165	   If a revision were to be contemplated, it would be useful to learn
166	   from the body of experience of crafting Security Considerations
167	   sections in recent years. That body of experience could inform the
168	   discussion of what makes up a good Security Considerations section
169	   by collecting real-world data from existing RFCs.  It would be
170	   possible to have a survey of the existing Security Considerations
171	   sections in published RFCs. The data collected from that survey
172	   could provide one source of information for discussion of how to
173	   improve upon RFC3552 in the current environment.

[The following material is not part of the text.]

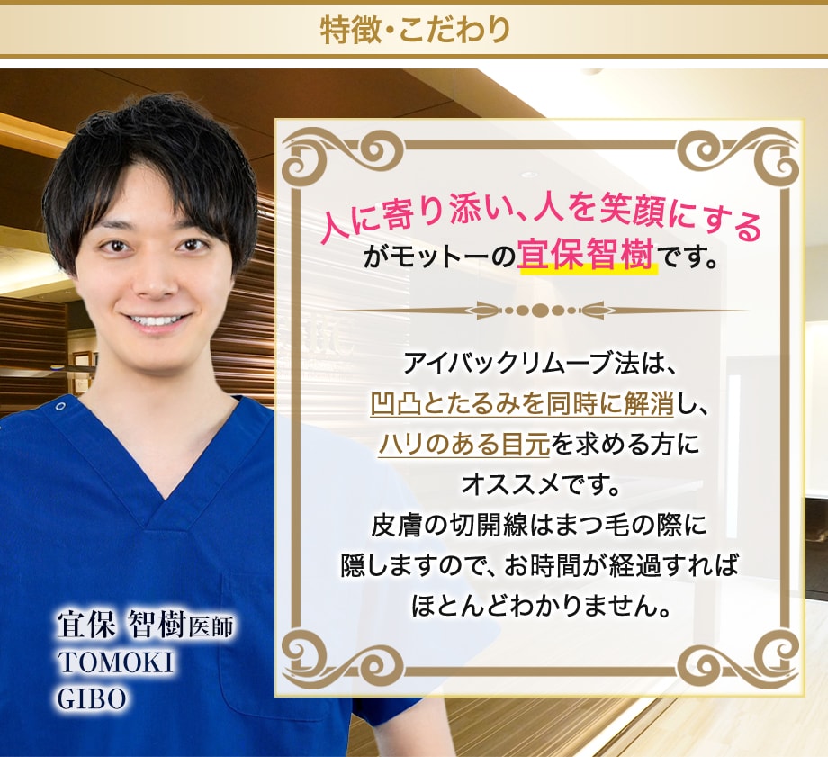 アイバックリムーブ法は、目の下の余剰皮膚切除&眼窩脂肪除去を行い目袋と皮膚のたるみを改善する方法です。

175	   For such a survey to be successful, an outline of some basic goals
176	   and a methodology would be required. This document provides those
177	   goals and methodology. The intent is that individuals or
178	   organizations could then carry out such a survey, publish the
179	   results and use that data to inform any discussion of a potential
180	   3552bis.

182	   This draft also documents the results of a recent experiment to
183	   conduct an automated survey of words in Security Considerations
184	   sections.

186	3.1. Non-goals and scoping

188	   This document specifically does not make suggestions for changes to
189	   RFC3552. It also does not identify changes to the Internet threat
190	   model or the general security landscape that has changed since that
191	   RFC has been published.

193	   The scope of this document is to provide a basic set of goals for
194	   research on existing Security Considerations sections and establish
195	   a methodology for conducting that research.

197	3.2. Research Group

199	   The research work suggested in this document was envisioned and
200	   intended to be carried out as a research activity of the proposed
201	   Stopping Malware and Researching Threats (SMART) research group in
202	   the IRTF. The work could also be conducted independently and
203	   submitted as an Independent Submission in the IETF.

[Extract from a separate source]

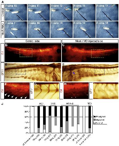 Fig.6. Nkx6.1 knockdown results in paralysis and axon misguidance. (A) Narrative frames from a time lapse series showing uninjected controls (top panel) and Nkx6.1MO injected embryos (bottom). Uninjected embryos initiate escape reflex when poked with a pipette tip (frames 12 and 17; pipette tip painted black). Poking of Nkx6.1MO injected embryos does not trigger escape reflex (bottom). Nkx6.1MO injected embryos were injected in both blastomeres at the 2-cell stage. (B,C,F,H) Orthograde DiI-labeling of stage 39/40 embryos injected unilaterally with Nkx6.1MO. (B) Control side showing labeled nerve fibers emanating from the neural tube. (C) Nkx6.1MO injected side show labeled nerves. (D,E,G,I) Immunostaining for N-CAM using antibody 6F11 showing axonal extensions. (D) Uninjected side of stage 39/40 tadpole showing nerve fibers protruding from the spinal cord and hindbrain. (E) Nkx6.1MO injected side of same tadpole does have greatly reduced and disorganized axons and cranial nerves are severely affected (blue arrowhead). (F, H) High magnification of boxes in (B) and (D), respectively. White arrow heads in (F) indicate DiI labeled axons. (H,I) High magnification of boxes show in (C) and (E), respectively. Asterisks in (H) indicate fluorescence from the uninjected side out of the plane of focus. (J) Effect of different MO1 and MO2 doses, individually and in combination, on tadpole mobility. Embryos were injected in all blastomeres at the one or two cell stage. Total MO amount injected is listed under bar. Number in parenthesis indicates number of embryos analyzed. MO1Â +Â 2 injections were performed with equal amounts of each. The two last bars show effect on MO1 when injected into X. tropicalis. Embryos were scored at stages 32â39. |

205	4. Goals for Surveying Existing Security Considerations Sections

207	   A cursory examination of recent years' Security Considerations
208	   sections shows that authors publish a wide variety of these
209	   sections. This is natural since the RFC series has a diverse set of
210	   purposes and readership.

212	   However, even a cursory examination shows that published Security
213	   Considerations sections have some clear characteristics. Identifying
214	   useful characteristics and then surveying the existing base of
215	   published RFCs may provide a useful base of information for a later
216	   discussion of revising RFC3552.

218	   The goal of surveying existing Security Considerations sections is
219	   to provide quantitative and qualitative data, from existing,
220	   published RFCs, that can be used to inform a discussion of revising
221	   RFC3552.

223	5. Methodology

225	5.1. Methodology Overview

227	   The survey of existing Security Considerations sections would
228	   examine a subset of RFCs published since the publication of RFC3552.
229	   RFCs obsoleted by later publications, RFCs that are reports from IAB
230	   activities and IETF, IRTF, and IESG administrative RFC are omitted
231	   from consideration.

233	   The survey should select a specific timeframe, across which, all
234	   RFCs published in that period are examined.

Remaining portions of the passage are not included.